The scope of the present invention is not limited to these examples. (Example 1) (1) Preparation of quercetin-3,4'-diglucoside Onion was homogenized together with the skin in an equal volume of 80% methanol, and then suction-filtered with a filter paper. The extract obtained by concentrating the filtrate under reduced pressure was dissolved in deionized water, and passed through a reverse-phase Amberlite XAD-2 column equilibrated with deionized water. The column was washed with the same amount of deionized water as the sample solution, and then eluted with methanol. The fraction eluted with methanol was concentrated to dryness under reduced pressure. This fraction is dissolved in a small amount of 50% methanol,
Gel filtration was performed with Toyopearl HW-40 equilibrated with% methanol.

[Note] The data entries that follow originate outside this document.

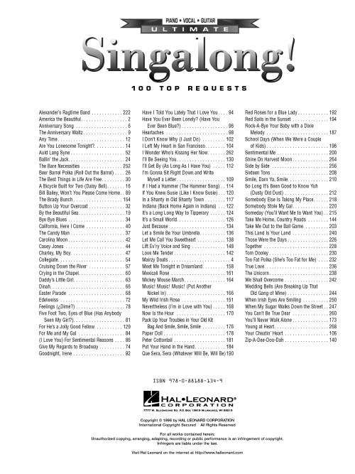 This book provides hours of singalong fun around the piano! Songs include: Alexander's Ragtime Band • Auld Lang Syne • Beer Barrel Polka (Roll Out the Barrel) • Bill Bailey, Won't You Please Come Home • The Brady Bunch • Easter Parade • Edelweiss • Feelings • Give My Regards to Broadway • I Left My Heart in San Francisco • If You Knew Susie (Like I Know Susie) • It's a Small World • Love Me Tender • Sixteen Tons • Take Me Home, Country Roads • When Irish Eyes Are Smiling • Zip-A-Dee-Doo-Dah • and more.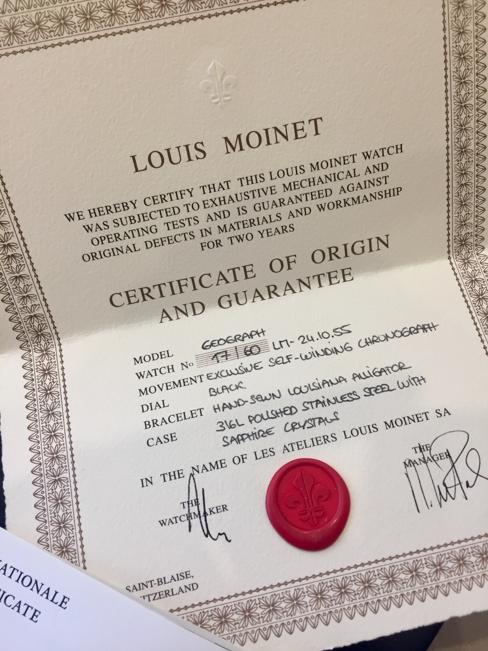 Водостойкость в 50 метров. Механизм с автоподзаводом был полностью задуман и разработан компанией LOUIS MOINET состоящий на 25 рубинах, с балансовой частотой 28800 пол/час. Запас хода составляет 48 часов.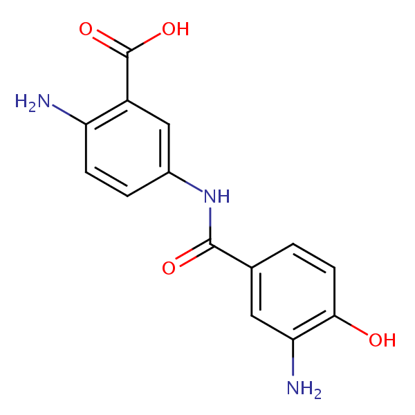 2-Amino-5-((3-amino-4-hydroxybenzoyl)amino)benzoic acid can be analyzed by this reverse phase (RP) HPLC method with simple conditions. The mobile phase contains an acetonitrile (MeCN), water, and phosphoric acid. For Mass-Spec (MS) compatible applications the phosphoric acid needs to be replaced with formic acid. Smaller 3 µm particles columns available for fast UPLC applications. This liquid chromatography method is scalable and can be used for isolation impurities in preparative separation. It also suitable for pharmacokinetics.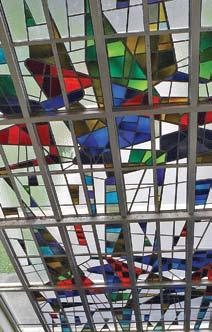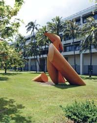 In 1959, Hawai‘i’s statehood year, Keller Hall was erected to house the engineering and mathematics departments. Named in honor of the many contributions of Arthur Keller, Keller Hall was designed by Clifford F. Young. The builder was Edwin M. Tani, a 1949 graduate in engineering. Distinguishing this four-story reinforced concrete structure are striking stained glass windows, 12 feet wide and three stories high, designed by art professor Murray Turnbull and his wife Phyllis. Concerning these works the artists wrote, “The principal purpose of the colored glass was to provide an opening of space and a life of color and light in the otherwise enclosed boxlike spaces of the building. No story or symbolism was involved; the basic intention was to enrich the lighting and character of spaces which were to be primarily functional.”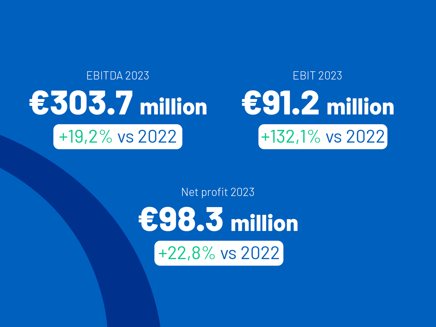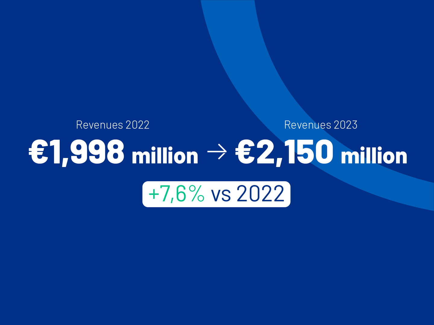 Revenues stand at 2.1 billion euros, marking a new record for the Group, with a +7.6% increase cutting across all business segments compared to 2022. Even more significant is the increase in the margins, which have already improved notably on the previous year.

Quercetin-3,4'-diglucoside was obtained in one fraction at a purity of almost 100%. Quercetin-3,4'-diglucoside thus obtained was consistent with known ones in the change in absorption spectrum and mass fragment analysis accompanying the addition of aluminum chloride and sodium acetate. (2) Assay for UV protection effect Next, quercetin-3,4'-diglucoside was added to the culture at various concentrations, and human histiocytic lymphoma cells, U
The UV protection effect was examined in an assay system using -937. The protective effect increased with the concentration, and almost 100% of the effect was obtained at about 400 micromol / liter. On the other hand, no lethal effect was observed even at a concentration of 800 micromol / liter (FIG. 1).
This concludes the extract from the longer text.